In R, I have two dataframes, one with full names and one with abbreviated names, I want to dplyr join them to see which one has a flag.
However, it is very hard to get matched names, even when I match last names, there are same last names. I'm giving part of the data as example below. Is there anyway I can efficiently and correctly join these two dataframe without any mismatches?
data_1 like:
Player | Flag |
---|---|
W. Fofana | 1 |
N'Golo Kante | 1 |
Frank Anguissa | 1 |
data_2 like:
Player |
---|
David Datro Fofana |
Wesley Fofana |
N'Golo Kante |
Andre-Frank Zambo Anguissa |
I tried Last name matching:
data_1 <- data_1 %>%
mutate(player = sub('.*\\s', '', player))
data_2 <- data_2 %>%
mutate(player = sub('.*\\s', '', player))
This can match "Andre-Frank Zambo Anguissa" to "Frank Anguissa", but will mismatch W. Fofana and David Datro Fofana.
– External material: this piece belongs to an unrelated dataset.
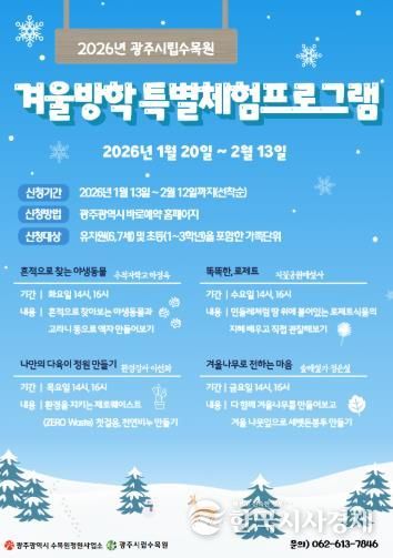 한국시사경제 광주취재본부 | 광주광역시 시립수목원은 어린이를 위한 ‘2026년 겨울방학 체험 프로그램’ 참가자 640명을 오는 13일 오전 10시부터 선착순 모집한다.

But if I consider first name, I don't know how to keep cases like "Andre-Frank Zambo Anguissa" and "Frank Anguissa" matched. As that is a quite unique last name, by matching last name I actually can get correct match for it, if involve first name in, I don't think it will work. Any suggestions? Thanks a lot
I tried fuzzyjoin
too, but it's hard to choose a max_dist
that allows all correct match/join.